Top of The data

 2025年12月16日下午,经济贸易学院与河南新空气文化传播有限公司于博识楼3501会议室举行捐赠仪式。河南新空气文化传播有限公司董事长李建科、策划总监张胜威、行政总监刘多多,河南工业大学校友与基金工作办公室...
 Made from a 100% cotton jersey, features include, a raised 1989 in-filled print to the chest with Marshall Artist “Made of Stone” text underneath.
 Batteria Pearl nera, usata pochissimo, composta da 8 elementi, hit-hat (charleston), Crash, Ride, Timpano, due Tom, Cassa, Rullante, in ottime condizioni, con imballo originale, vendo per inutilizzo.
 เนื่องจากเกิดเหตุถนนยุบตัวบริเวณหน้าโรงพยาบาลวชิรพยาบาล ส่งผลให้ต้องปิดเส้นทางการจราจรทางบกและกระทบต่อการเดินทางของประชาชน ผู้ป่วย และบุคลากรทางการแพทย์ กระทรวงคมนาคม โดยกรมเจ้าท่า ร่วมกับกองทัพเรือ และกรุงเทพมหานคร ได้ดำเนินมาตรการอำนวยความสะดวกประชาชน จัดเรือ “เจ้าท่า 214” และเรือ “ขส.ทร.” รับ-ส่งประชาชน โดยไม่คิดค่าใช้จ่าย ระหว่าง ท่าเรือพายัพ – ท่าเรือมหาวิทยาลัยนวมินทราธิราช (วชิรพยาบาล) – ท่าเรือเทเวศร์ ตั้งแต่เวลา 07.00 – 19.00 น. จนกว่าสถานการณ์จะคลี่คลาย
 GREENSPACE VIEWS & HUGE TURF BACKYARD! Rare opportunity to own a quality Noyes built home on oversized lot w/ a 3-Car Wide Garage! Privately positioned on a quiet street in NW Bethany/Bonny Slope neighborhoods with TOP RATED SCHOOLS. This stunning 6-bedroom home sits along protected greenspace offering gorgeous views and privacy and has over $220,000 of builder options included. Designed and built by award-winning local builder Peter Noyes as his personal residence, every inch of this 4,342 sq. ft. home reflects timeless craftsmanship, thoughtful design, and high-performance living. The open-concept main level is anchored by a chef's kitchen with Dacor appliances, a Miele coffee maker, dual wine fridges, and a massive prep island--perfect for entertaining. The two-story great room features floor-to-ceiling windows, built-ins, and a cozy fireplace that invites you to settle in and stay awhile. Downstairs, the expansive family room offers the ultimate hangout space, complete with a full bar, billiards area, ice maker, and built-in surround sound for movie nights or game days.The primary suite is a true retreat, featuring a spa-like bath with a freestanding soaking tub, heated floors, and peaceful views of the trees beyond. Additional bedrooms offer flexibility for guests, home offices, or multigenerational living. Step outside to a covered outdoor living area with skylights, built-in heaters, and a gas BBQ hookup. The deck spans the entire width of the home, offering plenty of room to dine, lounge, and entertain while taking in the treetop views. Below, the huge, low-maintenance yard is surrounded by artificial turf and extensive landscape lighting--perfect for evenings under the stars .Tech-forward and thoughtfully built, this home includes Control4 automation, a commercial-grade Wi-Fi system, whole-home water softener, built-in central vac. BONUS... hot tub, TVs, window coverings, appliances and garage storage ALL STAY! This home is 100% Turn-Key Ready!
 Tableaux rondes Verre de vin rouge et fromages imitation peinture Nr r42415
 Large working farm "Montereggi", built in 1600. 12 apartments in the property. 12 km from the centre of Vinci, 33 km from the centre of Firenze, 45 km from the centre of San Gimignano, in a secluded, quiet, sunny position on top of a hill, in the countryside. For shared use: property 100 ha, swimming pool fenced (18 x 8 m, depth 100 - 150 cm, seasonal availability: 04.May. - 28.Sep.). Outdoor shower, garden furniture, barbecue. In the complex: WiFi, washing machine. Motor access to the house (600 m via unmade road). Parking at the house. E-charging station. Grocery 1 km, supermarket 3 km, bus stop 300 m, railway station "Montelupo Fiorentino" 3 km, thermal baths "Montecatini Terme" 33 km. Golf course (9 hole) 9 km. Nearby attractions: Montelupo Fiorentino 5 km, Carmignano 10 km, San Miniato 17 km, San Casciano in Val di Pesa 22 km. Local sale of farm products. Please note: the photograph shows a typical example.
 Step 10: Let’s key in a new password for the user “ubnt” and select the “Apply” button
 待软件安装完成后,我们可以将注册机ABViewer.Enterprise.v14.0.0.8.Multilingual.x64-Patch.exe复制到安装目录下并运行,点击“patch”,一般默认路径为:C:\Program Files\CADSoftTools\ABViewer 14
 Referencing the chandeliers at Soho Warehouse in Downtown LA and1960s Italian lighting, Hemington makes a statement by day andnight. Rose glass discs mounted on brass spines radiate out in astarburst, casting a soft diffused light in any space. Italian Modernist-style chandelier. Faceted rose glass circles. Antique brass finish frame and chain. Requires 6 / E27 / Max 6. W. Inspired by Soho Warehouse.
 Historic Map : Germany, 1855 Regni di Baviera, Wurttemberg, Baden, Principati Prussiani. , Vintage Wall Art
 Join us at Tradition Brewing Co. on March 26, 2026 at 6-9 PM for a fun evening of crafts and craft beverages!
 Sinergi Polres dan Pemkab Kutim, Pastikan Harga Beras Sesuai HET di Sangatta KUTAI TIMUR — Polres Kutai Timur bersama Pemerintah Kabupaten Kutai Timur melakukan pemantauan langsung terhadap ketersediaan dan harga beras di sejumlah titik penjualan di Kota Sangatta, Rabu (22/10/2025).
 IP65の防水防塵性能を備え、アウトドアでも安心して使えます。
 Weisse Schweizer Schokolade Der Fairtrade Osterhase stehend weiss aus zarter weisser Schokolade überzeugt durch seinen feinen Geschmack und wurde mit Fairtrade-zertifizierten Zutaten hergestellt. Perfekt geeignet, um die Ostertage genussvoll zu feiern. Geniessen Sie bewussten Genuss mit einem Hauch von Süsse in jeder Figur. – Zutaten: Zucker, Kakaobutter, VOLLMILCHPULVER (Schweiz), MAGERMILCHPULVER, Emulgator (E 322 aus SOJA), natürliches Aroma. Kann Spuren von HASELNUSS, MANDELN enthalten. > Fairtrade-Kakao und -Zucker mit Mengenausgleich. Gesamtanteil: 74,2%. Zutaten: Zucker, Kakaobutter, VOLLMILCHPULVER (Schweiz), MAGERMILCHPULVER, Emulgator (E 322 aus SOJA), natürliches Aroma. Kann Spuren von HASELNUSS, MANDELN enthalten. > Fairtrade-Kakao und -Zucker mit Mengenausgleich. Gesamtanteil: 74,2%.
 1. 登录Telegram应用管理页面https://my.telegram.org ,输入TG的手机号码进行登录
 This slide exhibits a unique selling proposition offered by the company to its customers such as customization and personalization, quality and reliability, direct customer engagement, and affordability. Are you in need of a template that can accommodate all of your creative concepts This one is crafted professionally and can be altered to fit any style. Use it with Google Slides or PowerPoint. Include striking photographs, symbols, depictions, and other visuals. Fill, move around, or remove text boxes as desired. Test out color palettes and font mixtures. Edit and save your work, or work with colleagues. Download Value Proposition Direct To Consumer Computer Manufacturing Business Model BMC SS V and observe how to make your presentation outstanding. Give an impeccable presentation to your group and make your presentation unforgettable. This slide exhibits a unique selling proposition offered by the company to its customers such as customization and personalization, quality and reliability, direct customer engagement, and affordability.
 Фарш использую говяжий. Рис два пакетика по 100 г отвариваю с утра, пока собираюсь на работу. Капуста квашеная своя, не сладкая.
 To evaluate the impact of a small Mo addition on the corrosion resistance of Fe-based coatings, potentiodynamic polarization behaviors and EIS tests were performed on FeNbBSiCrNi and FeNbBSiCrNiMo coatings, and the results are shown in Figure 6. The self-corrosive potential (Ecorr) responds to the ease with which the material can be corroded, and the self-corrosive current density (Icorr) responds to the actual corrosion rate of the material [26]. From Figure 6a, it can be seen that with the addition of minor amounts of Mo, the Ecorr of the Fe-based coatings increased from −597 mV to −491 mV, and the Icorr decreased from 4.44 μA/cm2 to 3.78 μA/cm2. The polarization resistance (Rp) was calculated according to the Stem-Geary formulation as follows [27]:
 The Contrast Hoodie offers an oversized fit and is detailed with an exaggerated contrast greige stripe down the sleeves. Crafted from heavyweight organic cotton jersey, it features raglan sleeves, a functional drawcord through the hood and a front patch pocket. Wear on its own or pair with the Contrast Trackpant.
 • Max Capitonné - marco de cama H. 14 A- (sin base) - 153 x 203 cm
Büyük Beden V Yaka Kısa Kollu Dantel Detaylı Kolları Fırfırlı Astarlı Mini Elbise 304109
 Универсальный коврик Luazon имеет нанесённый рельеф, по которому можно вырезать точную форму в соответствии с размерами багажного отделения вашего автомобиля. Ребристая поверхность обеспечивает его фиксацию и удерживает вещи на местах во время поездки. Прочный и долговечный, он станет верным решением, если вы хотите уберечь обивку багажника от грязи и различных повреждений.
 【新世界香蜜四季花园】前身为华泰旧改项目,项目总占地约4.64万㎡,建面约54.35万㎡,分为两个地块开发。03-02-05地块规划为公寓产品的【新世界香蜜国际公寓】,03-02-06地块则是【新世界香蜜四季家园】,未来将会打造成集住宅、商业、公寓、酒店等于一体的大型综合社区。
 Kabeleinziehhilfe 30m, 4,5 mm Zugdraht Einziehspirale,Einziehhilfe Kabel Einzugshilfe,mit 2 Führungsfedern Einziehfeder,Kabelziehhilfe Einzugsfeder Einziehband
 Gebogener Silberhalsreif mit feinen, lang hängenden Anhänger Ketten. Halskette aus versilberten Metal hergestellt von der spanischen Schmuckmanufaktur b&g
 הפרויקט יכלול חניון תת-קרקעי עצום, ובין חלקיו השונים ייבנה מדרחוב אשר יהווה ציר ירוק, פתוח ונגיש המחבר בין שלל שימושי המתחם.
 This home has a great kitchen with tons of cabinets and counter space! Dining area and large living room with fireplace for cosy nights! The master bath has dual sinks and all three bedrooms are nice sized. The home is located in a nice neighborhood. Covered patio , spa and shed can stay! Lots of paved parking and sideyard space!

Bottom of The data

Starting at the line that contains "Gebogener Silberhalsreif mit", transcribe every line through the last line of the entries above, exactly, and nothing else.

 Gebogener Silberhalsreif mit feinen, lang hängenden Anhänger Ketten. Halskette aus versilberten Metal hergestellt von der spanischen Schmuckmanufaktur b&g
 הפרויקט יכלול חניון תת-קרקעי עצום, ובין חלקיו השונים ייבנה מדרחוב אשר יהווה ציר ירוק, פתוח ונגיש המחבר בין שלל שימושי המתחם.
 This home has a great kitchen with tons of cabinets and counter space! Dining area and large living room with fireplace for cosy nights! The master bath has dual sinks and all three bedrooms are nice sized. The home is located in a nice neighborhood. Covered patio , spa and shed can stay! Lots of paved parking and sideyard space!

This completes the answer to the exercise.